We use a few additional submodules for the need of the implementation and organization:

  • toolbox. All the helper tools used for the implementation of the debugging support a given model/environment.
  • user. Support code for handling Python-extensions provided by the debugger users.
  • model, submodel or environment. Modules implementing submodels or supportive environment support.

Supporting a New Programming Model and its Environment

To add support for a new programming model and its environment, you need to proceed this way:

  1. Pick up a parent model: if you're model relies on tasks or components or dataflow, or on kernel computing kernels, you can reuse and extend our model support. Otherwise, you'll have to start from scratch. You can still inspire your code from what exists! Create a sub-directory in model, submodel or environment
  2. Build your representation: implement or specialize classes for the different entities of you model.
  3. Capture the environment event related to your representation. That usually means setting a FunctionBreakpoint on an API function and reading the function arguments (input parameters FunctionBreakpoint.prepare_before, but also updated and output ones, in FunctionBreakpoint.prepare_after). In the representation, define a simple API to the capture module should use to update the internal state, according to the execution events.
  4. Build the interaction module in the same spirit as the existing modules. Use class decorators Numbered, Listed Dicted frpm mcgdb.toolbox.python_utils to facilitate the listing and identification of the different entities.

Loading a Programming-Model Support

In order not to slow down mcGDB loading, and not to clog gdb command-line interface, we implemented different mechanism to load just in time the programming model debugging supports:

Loading models by name

From .gdbinit:

import mcgdb
mcgdb.initialize_by_name() # from the binary filenname $0
# or
mcgdb.load_by_name(name)

or through the command-line:

mcgdb load_model_by_name <name>

these commands enable the model(s) registered with the give name.

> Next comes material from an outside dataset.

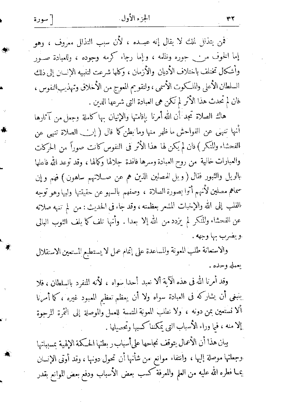 (إِيَّاكَ نَعْبُدُ وَإِيَّاكَ نَسْتَعِينُ) العبادة خضوع ينشأ عن استشعار القلب بعظمة المعبود اعتقادا بأن له سلطانا لا يدرك العقل حقيقته لأنه أعلى من أن يحيط به فكره، أو يرقى إليه إدراكه.

Argument <name> can be compound by dashes, for instance in mcgdb-omp or mcgdb-omp-gomp. Name omp was registered with the following code:

mcgdb.register_model("OpenMP", "omp", ...)

Loading models by object-file filenames

Environment supports can also be enabled when a specific object file is loaded in the process memory:

mcgdb.register_model("GCC OpenMP", "libgomp.so", ...) mcgdb.register_model("Intel OpenMP", "libomp.so", ...) mcgdb.register_model("OMPSS OpenMP", "libnanox-c.so.1", ...)

Common use-case

The preferred solution is a combination of both mechanisms:

With mcgdb.initialize_by_name(), the binary name gdb, mcGDB does not initialize itself. with binary name mcgdb, mcGDB is loaded without model supports; and binary name mcgdb-omp, the OpenMP environment is loaded, but not the implementation specific parts.

Second, with the object-file loading, the runtime implementation specific capture module are enabled, and the relevant breakpoints are inserted.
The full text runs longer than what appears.